• [What to work on] Write the records out again exactly, leaving no images in.

• [Material for this exercise]
********************

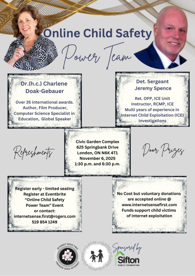Civic Garden Complex on Nov. 6 – 1:30-6:30pm. For more information, email internetsense.first@rogers.com.
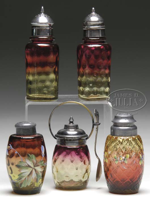 FIVE AMBERINA CONDIMENTS. Lot consists of two amberina inverted thumbprint salt and pepper shakers, an amberina inverted thumbprint mustard jar and two decorated amberina salt and pepper shakers. SIZE: Tallest is 4-1/2″. CONDITION: Very good to excellent with some minor wear to metal components. One shaker lid is loose. 5-63276, 5-63280 (200-300)
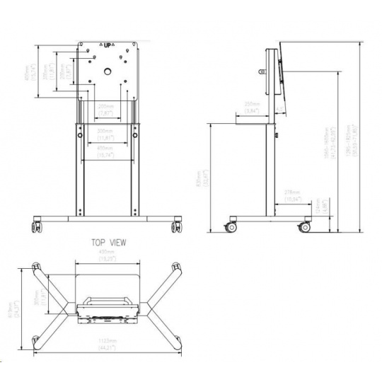 Podporované VESA štandardy: • VESA 200x200 • VESA 300x300 • VESA 400x400 • Mobilný vozík s otáčavou hlavou - pivot • Ideálny pre kancelárie alebo vzdelávacie priestory • Podporuje funkcie a vlastnosti 55-palcového displeja Samsung Flip • Maximálna nosnosť 70 kg • Atraktívny vzhľad a nastavenie výšky displeja • Konštrukcia vozíka umožňuje vedenie káblov cez hlavu, čo činí vedenie bezpečným a odolným voči opotrebeniu pri otáčaní displeja. • Bezpečné a odolné
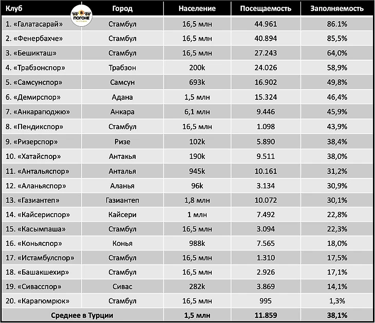 10. Турецкая Суперлига: заполняемость - 38,1%
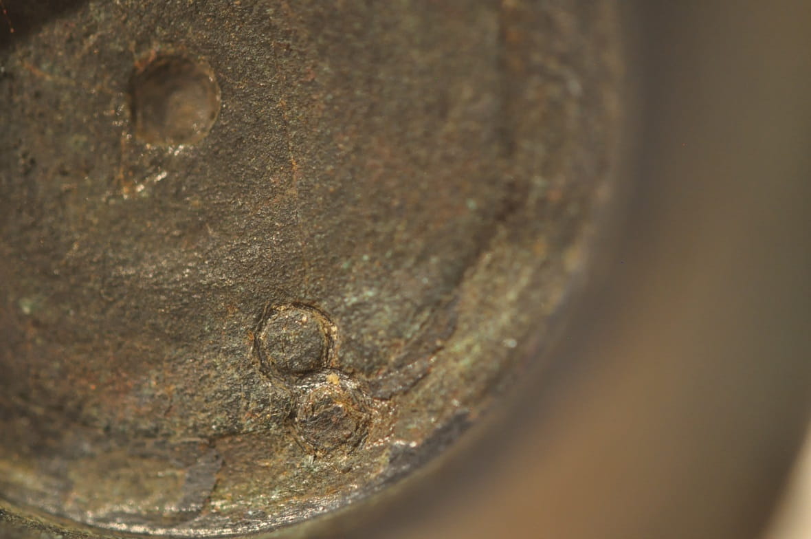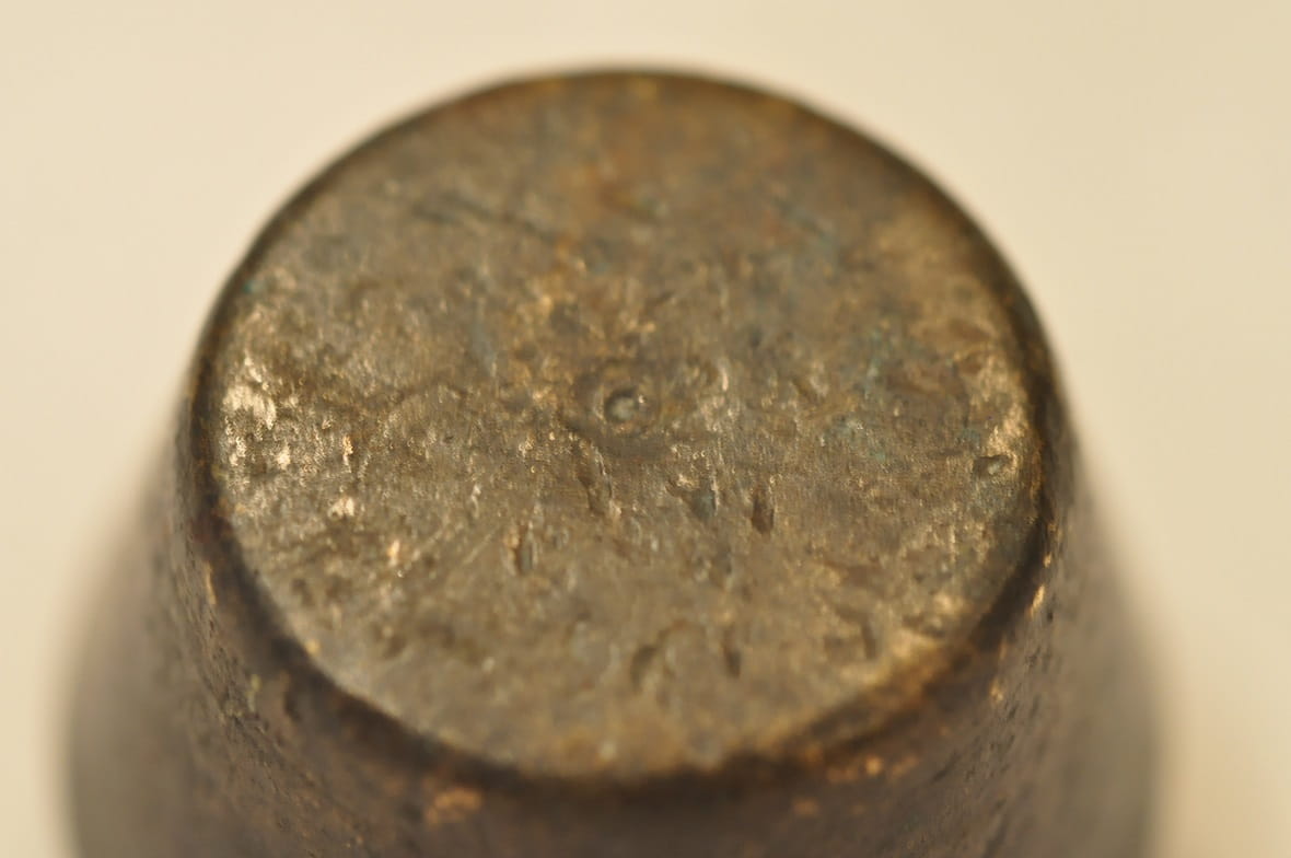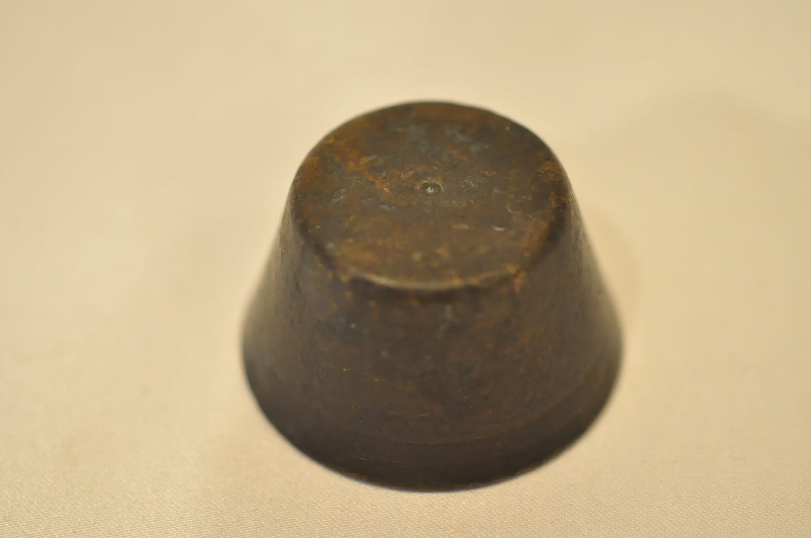Odważnik nie był czyszczony - pokryty jest starą patyną.
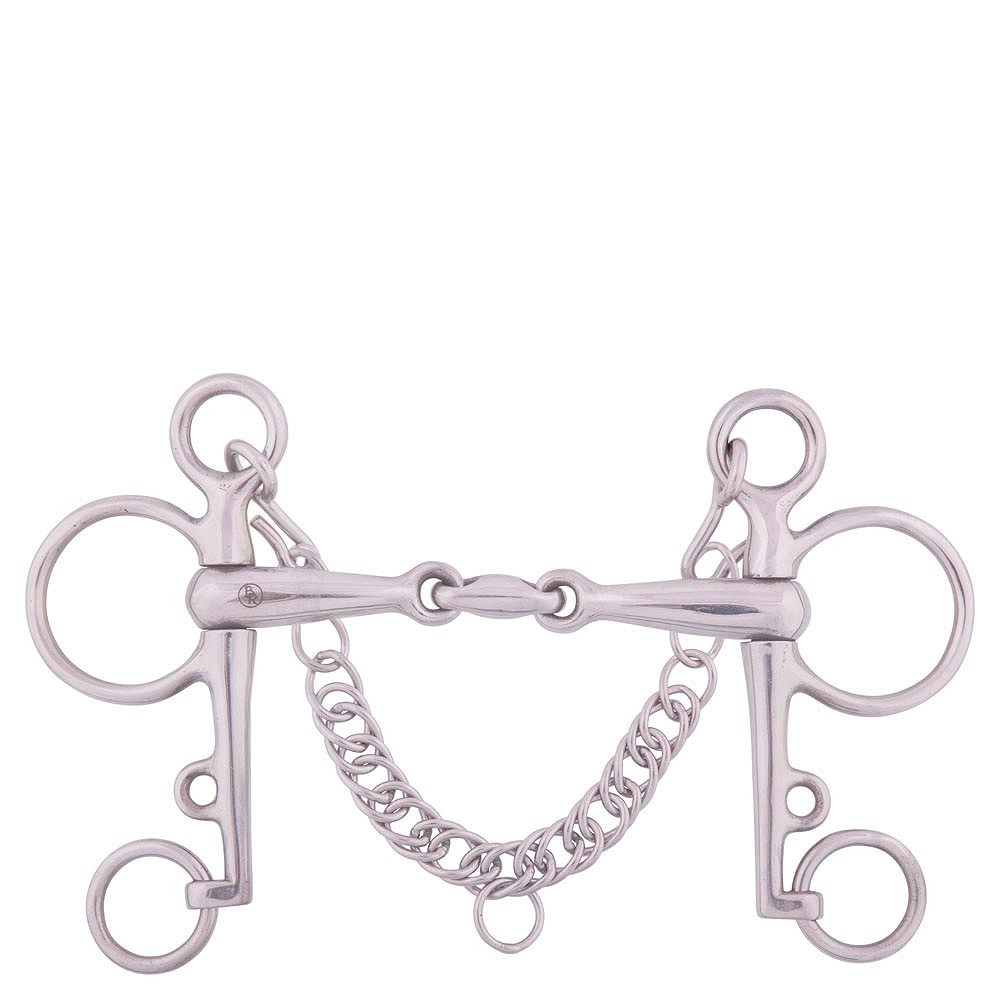 BR Pelham de doble articulación 18 mm, boquilla de doble articulación, acero inoxidable macizo, con mejillas giratorias de 140 mm de longitud. Grosor de la boquilla 18 mm. El mejor producto ecuestre de competición en tienda hípica El Estribo Alicante +34648425534
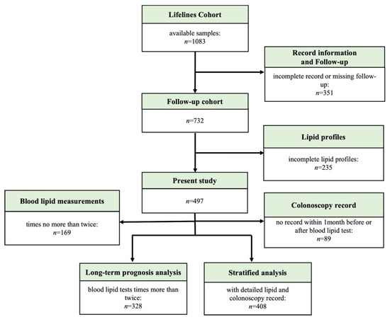 Ulcerative colitis (UC) is a subtype of inflammatory bowel disease (IBD) characterized by inflammation of the gastrointestinal tract with a relapsing-remitting pattern, and surgery and tumorigenesis are two of its most serious long-term outcomes [1]. Serious disease activity presented with increased levels of inflammatory biomarkers, and aggravated clinical manifestations were commonly attributed to the acute inflammation status. Notably, recurrent inflammatory attacks that cannot be alleviated for a long time, leading to a prolonged active disease phase, are associated with an increased risk of a poor prognosis, including abdominal surgery and tumorigenesis [2]. Dyslipidaemia is a common pathophysiological characteristic that leads to metabolic disorders, altered steroid hormone secretion, and chronic subclinical inflammation [3,4,5]. Indeed, due to alterations in the tumour cell microenvironment and systemic immune status, abnormal lipid metabolism not only affects the inflammatory condition but also affects tumour growth and invasion [3,5,6].
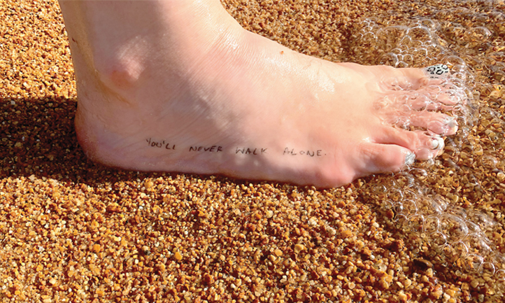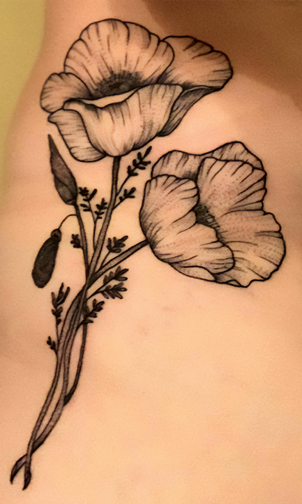 Lauren Buckland bears two unique tattoos: “You’ll never walk alone” in her husband’s handwriting, and a bouquet of four poppies — a tribute to their military connection. One of the poppies is a drooping bud holding her husband’s fingerprint. Michelle Marine incorporated her husband’s fingerprints by forming them into a heart-shaped tattoo.

********************

• [Response below]
Civic Garden Complex on Nov. 6 – 1:30-6:30pm. For more information, email internetsense.first@rogers.com.
 FIVE AMBERINA CONDIMENTS. Lot consists of two amberina inverted thumbprint salt and pepper shakers, an amberina inverted thumbprint mustard jar and two decorated amberina salt and pepper shakers. SIZE: Tallest is 4-1/2″. CONDITION: Very good to excellent with some minor wear to metal components. One shaker lid is loose. 5-63276, 5-63280 (200-300)
 Podporované VESA štandardy: • VESA 200x200 • VESA 300x300 • VESA 400x400 • Mobilný vozík s otáčavou hlavou - pivot • Ideálny pre kancelárie alebo vzdelávacie priestory • Podporuje funkcie a vlastnosti 55-palcového displeja Samsung Flip • Maximálna nosnosť 70 kg • Atraktívny vzhľad a nastavenie výšky displeja • Konštrukcia vozíka umožňuje vedenie káblov cez hlavu, čo činí vedenie bezpečným a odolným voči opotrebeniu pri otáčaní displeja. • Bezpečné a odolné
 10. Турецкая Суперлига: заполняемость - 38,1%
Odważnik nie był czyszczony - pokryty jest starą patyną.
 BR Pelham de doble articulación 18 mm, boquilla de doble articulación, acero inoxidable macizo, con mejillas giratorias de 140 mm de longitud. Grosor de la boquilla 18 mm. El mejor producto ecuestre de competición en tienda hípica El Estribo Alicante +34648425534
 Ulcerative colitis (UC) is a subtype of inflammatory bowel disease (IBD) characterized by inflammation of the gastrointestinal tract with a relapsing-remitting pattern, and surgery and tumorigenesis are two of its most serious long-term outcomes [1]. Serious disease activity presented with increased levels of inflammatory biomarkers, and aggravated clinical manifestations were commonly attributed to the acute inflammation status. Notably, recurrent inflammatory attacks that cannot be alleviated for a long time, leading to a prolonged active disease phase, are associated with an increased risk of a poor prognosis, including abdominal surgery and tumorigenesis [2]. Dyslipidaemia is a common pathophysiological characteristic that leads to metabolic disorders, altered steroid hormone secretion, and chronic subclinical inflammation [3,4,5]. Indeed, due to alterations in the tumour cell microenvironment and systemic immune status, abnormal lipid metabolism not only affects the inflammatory condition but also affects tumour growth and invasion [3,5,6].
 Lauren Buckland bears two unique tattoos: “You’ll never walk alone” in her husband’s handwriting, and a bouquet of four poppies — a tribute to their military connection. One of the poppies is a drooping bud holding her husband’s fingerprint. Michelle Marine incorporated her husband’s fingerprints by forming them into a heart-shaped tattoo.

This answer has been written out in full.